Load required packages

# Load required packages
library(ggplot2)
library(dplyr)
library(tidyr)
library(stringr)
library(readr)
library(rsample)
library(rpart)
library(reshape2)
library(caret)

# Set seed
set.seed(1)

# Read the data and store them in a data frame
df <- read.csv('https://s3.amazonaws.com/talent-assets.datacamp.com/recipe_site_traffic_2212.csv')
df

Data Validation

The dataset contains 947 rows and 8 columns with missing values before cleaning. Below is the summary regarding all the validation steps that were followed for each column (variable) separately.

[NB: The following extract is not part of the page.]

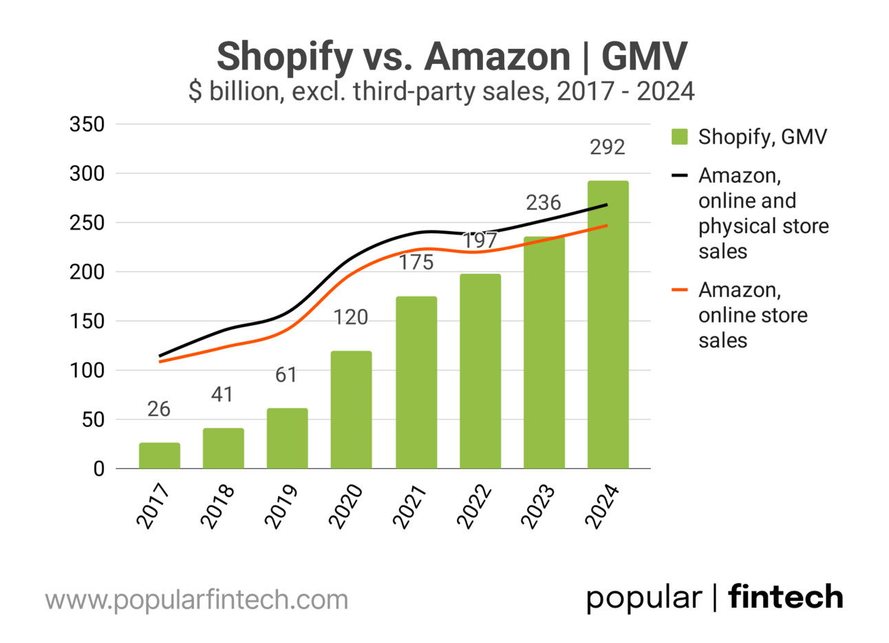 So, who could stop Shopify from continuing to gain market share? I don’t think these would be the incumbents mentioned above (though they will put up a fight). If anyone is capable of disrupting Shopify’s growth, it’s Amazon. In 2024, Shopify’s GMV actually surpassed Amazon's sales in its online and physical stores.
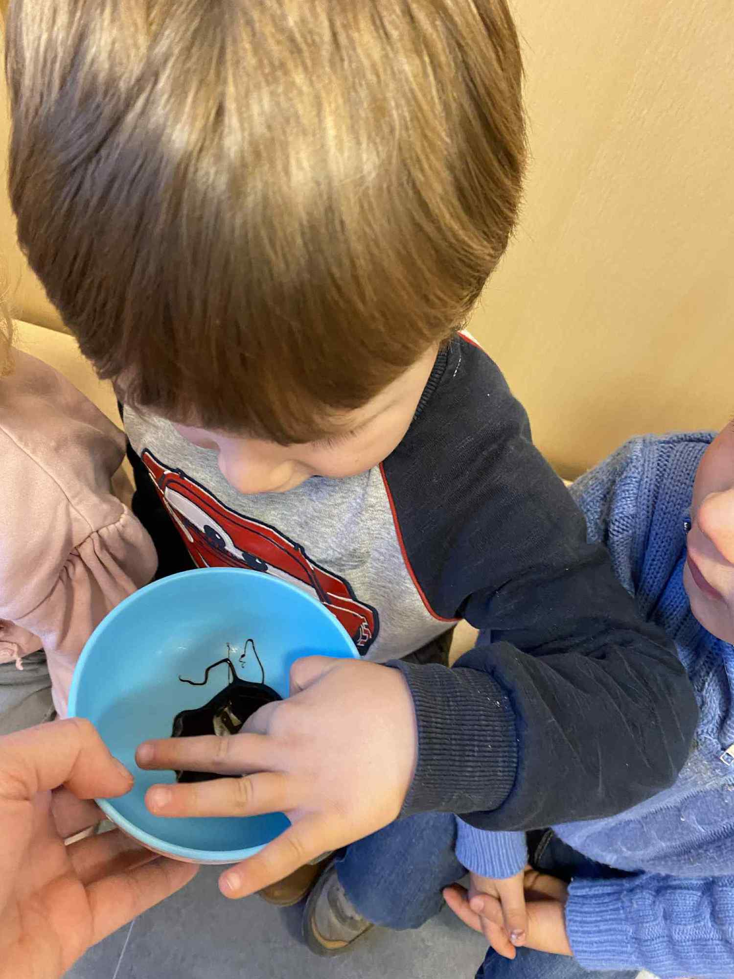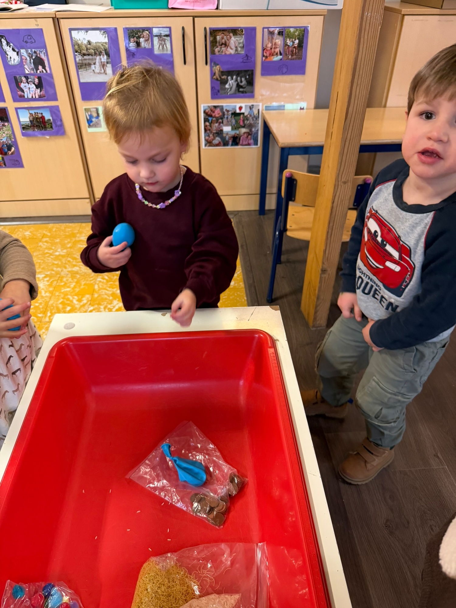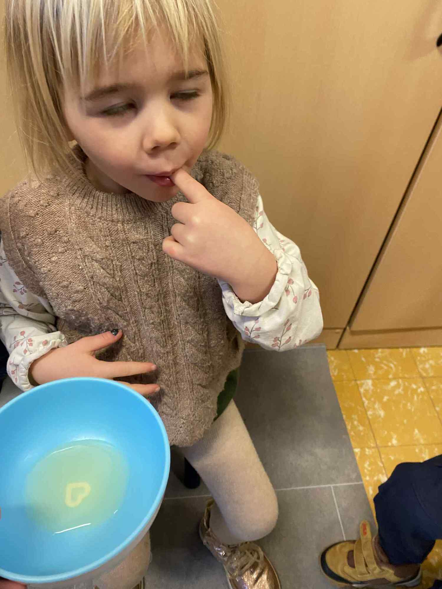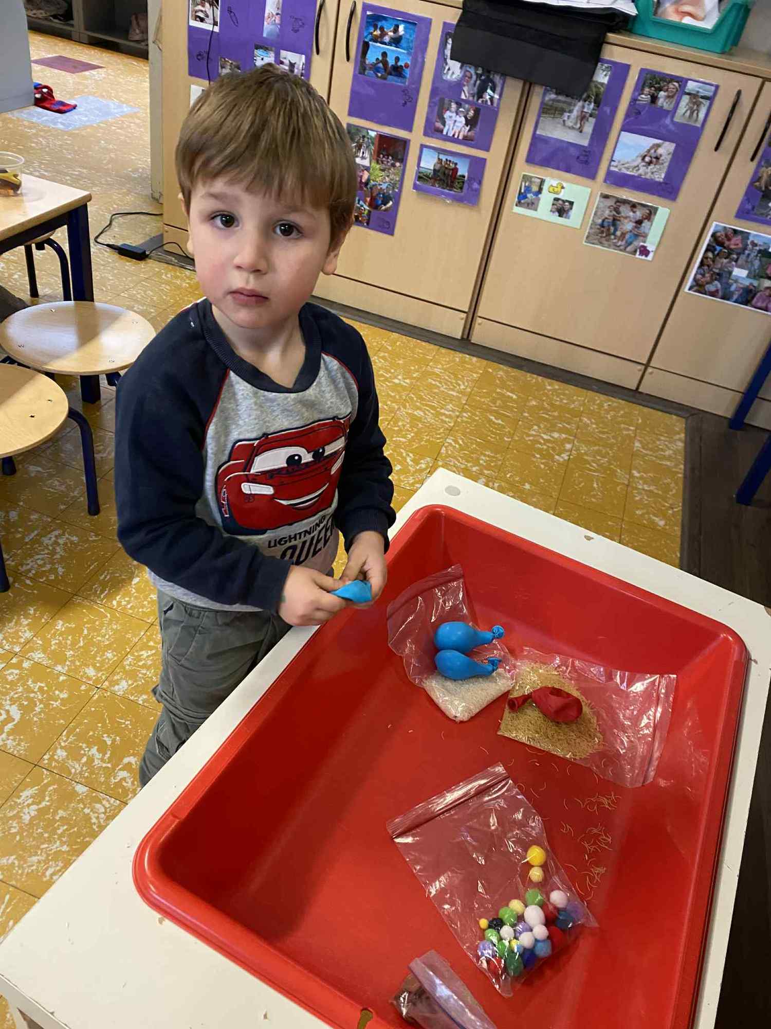 Voelen met handen en voeten, kijken met onze ogen, luisteren met onze oren, ruiken met onze neus en proeven! Wat ruikt lekker? Wat vind ik lekker en wat lust ik niet. We tellen tot aan 3!

recipe: The values of this column are integers, as it should be, since they correspond to the recipe ID. All values are in range (i.e. no negative values) and there are no missing values. Overall, the column was left untouched.
calories: This column has correctly numeric values, since it measures the number of calories a serving of the recipe has. There are 52 missing values and by looking at the boxplots for each recipe category the existance of outliers led me to replace them with me median value based on the category. Looking at the summary statistics, all values seem to be in range (i.e., no negative values).
carbohydrate: This column has correctly numeric values, since it measures the amount of carbohydrate a serving of the recipe has (in grams). There are 52 missing values and by looking at the boxplots for each recipe category the existance of outliers led me to replace them with me median value based on the category. Looking at the summary statistics, all values seem to be in range (i.e., no negative values).
sugar: This column has correctly numeric values, since it measures the amount of sugar a serving of the recipe has (in grams). There are 52 missing values and by looking at the boxplots for each recipe category the existance of outliers led me to replace them with me median value based on the category. Looking at the summary statistics, all values seem to be in range (i.e., no negative values).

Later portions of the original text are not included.